While the content of the FT opinion piece was unsurprising it added to pressure on the dollar, which was already looking vulnerable on technical charts, traders said. "I think the market overall wanted to test the (dollar's) downside and the FT story linked well with that trend," said a trader for a Japanese trust bank. The recent recovery in risk appetite and falls in dollar funding costs point to a decline in market players' demand for dollars, leaving the US currency vulnerable, said Takahide Nagasaki, chief foreign exchange strategist for Daiwa Securities SMBC.
The dollar index, which measures its performance against a basket of six currencies, hit a four-month low of 81.871. After trimming some losses, it was down 0.2 percent on the day at 82.140. Last week, the dollar index breached support at the 200-day moving average while the euro broke above a similar moving average against the dollar.
In addition, the dollar breached key support against the yen earlier this week, when it fell below the top of the cloud on daily Ichimoku charts. The euro hit a seven-week high of $1.3722 on trading platform EBS, but after shedding some gains it was up 0.2 percent from late US trading on Tuesday at $1.3674.

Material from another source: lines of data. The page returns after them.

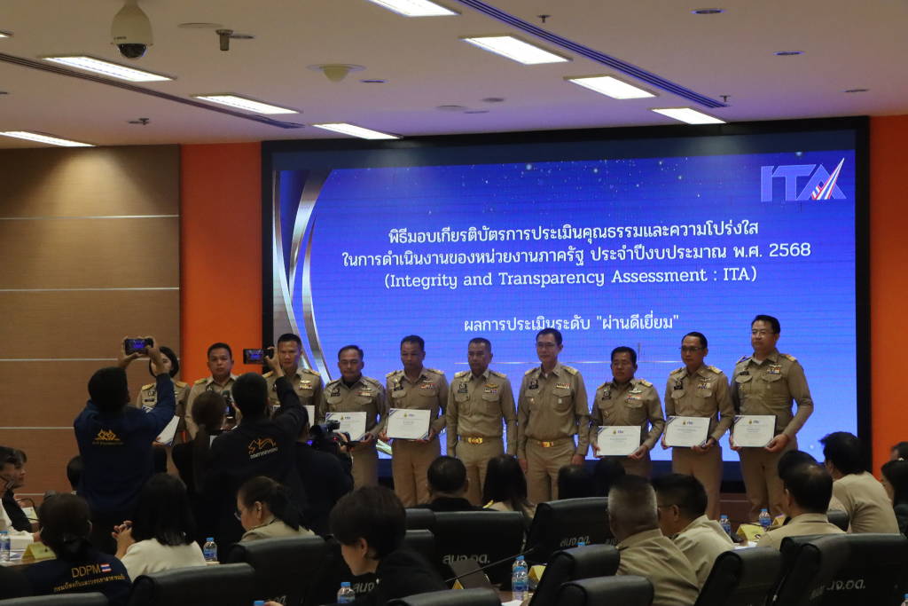 นายชวิช ป้องขันธุ์ นายอำเภอเมืองอุดรธานี เข้ารับมอบเกียรติ “คณะกรรมการป้องกันและปราบปรามการทุจริตแห่งชาติ เพื่อแสดงว่า อำเภอเมืองอุดรธานี จังหวัดอุดรธานี เป็นหน่วยงานที่มีผลคะแนน ระดับ ผ่านดีเยี่ยม ของการประเมินคุณธรรมและความโปร่งใส ในการดำเนินงานของหน่วยงานภาครัฐ (Integrity & Transparency Assessment: ITA) ของอำเภอ ประจำปีงบประมาณ พ.ศ. 2568 (ลงนามโดยนายสุชาติ ตระกูลเกษมสุข ประธานกรรมการ ป.ป.ช.) จาก นายราชันย์ ซุ้นหั้ว ผวจ.อุดรธานี (เป็นประธานมอบรางวัล) ณ ห้องประชุมกรมหลวงประจักษ์ศิลปาคม ชั้น 5 ศาลากลาง จังหวัดอุดรธานี ในวันที่ 27 พฤศจิกายน 2568 เวลา 09.45 น.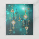 Gold, antique keys with gears and dials hang on gold chains on luminous green background.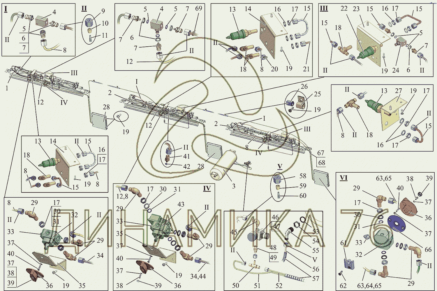 Схемы запчастей предназначены для справочных целей! Мы продаем не все запчасти от Пневмоаппаратура дверей 1- секции на МАЗ-215, представленные в этом списке.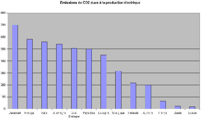 Excusez la qualité du document, mais on voit que la production de CO2 au Danemark (700) est 30 fois supérieure à celle de la Suède (22)!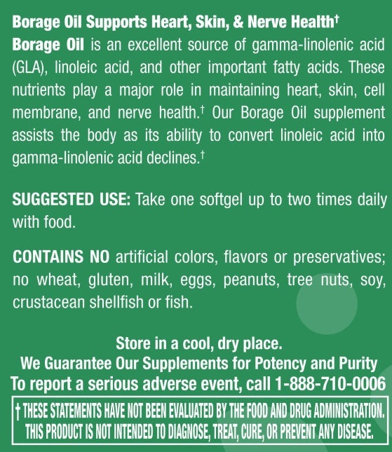 Borage oil is an excellent source of gamma linoleic acid (GLA) and other important fatty acids. These nutrients play a major role in maintaining heart skin cell membrane and nerve health.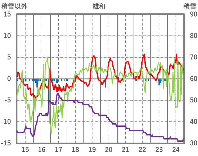 | 日 | 時 | 気温 | 降水 | 風向/風速 | 日照 | 積雪 | 降雪 |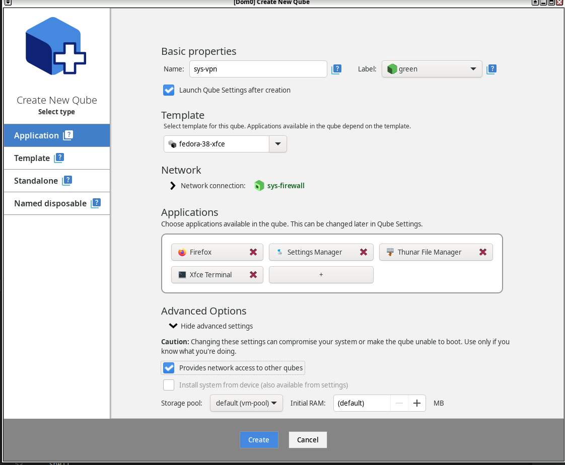 创建的时候需要注意如下图所示中要将Proviers network access to other qubes选择上不然是没办法给到其他的qube使用的。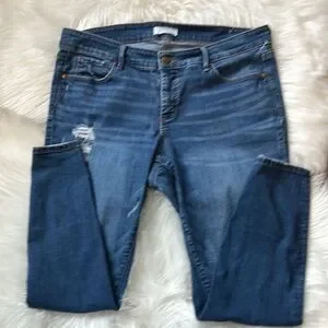 LOFT distressed Modern Skinny jean in excellent condition. Medium-blue wash with subtle fading throughout. Traditional 5-pocket styling. Zip fly with button closure. Rise is about 10,” inseam is approximately 28,” waist is about 36.” 91% cotton, 7% poly, 2% Elastane. Size 16.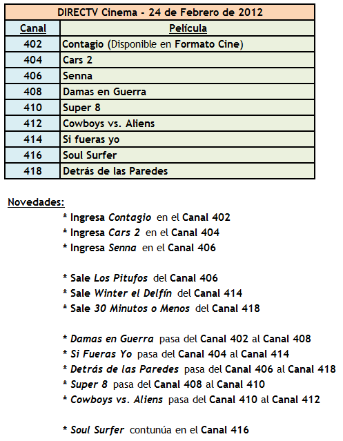 Yo no quiero ser malo, y por eso no dije nada antes, pero estos post que haces todas las semanas no tienen mucho sentido para el foro.. osea brinda info, pero tal vez poco necesaria porque los que no tenemos Direc Tv no nos interesa y los que tienen DirecTv con las peliculas esas compradas ya saben que dan..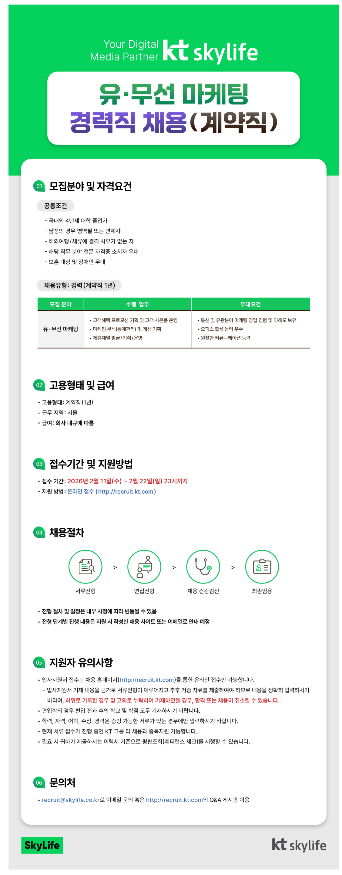 [kt skylife] À¯¹«¼± ¸¶ÄÉÆÃ °æ·ÂÁ÷ ä¿ë(°è¾àÁ÷)

Reflecting a gradual return in confidence in money markets, the three-month dollar London interbank offered rate (Libor) marked a record low of 0.906 percent on Tuesday. Sterling and the Australian dollar also renewed their push higher against both the greenback and the yen.
The dollar hit a four-month low of 1.0977 Swiss francs on EBS and came under early selling pressure against the yen after Japan's opposition finance spokesman said in comments to the BBC that Japan should avoid buying US government bonds denominated in dollars because of currency risk.
Masaharu Nakagawa, chief finance spokesman of the Democratic Party, later told Reuters the remarks represented his own view, not that of his party. He said he did not mean Japan should not buy dollar-denominated US government bonds but should seek an option of getting the US to issue bonds in yen. Japan's current account surplus fell a less-than-expected 48.8 percent in March from a year earlier, data showed, adding to the early pressure on the dollar.
But it later turned positive, gaining 0.1 percent to 96.57 yen as players covered short-dollar positions. Technically, market players said the dollar may be forming a head and shoulders chart pattern against the yen and looked vulnerable, although it could draw some support from its 90-day moving average around 95.45 yen.
Talk about the potential for fund repatriation flows from Japanese investors related to redemptions and coupon payments on US Treasuries this week also helped push the dollar lower against the yen, traders said. The US Treasury Department is due to make $21 billion in coupon payments on Friday as part of flows tied to its quarterly refunding moves. Another $52 billion of coupon securities are due to mature, for a total cash outflow of $73 billion.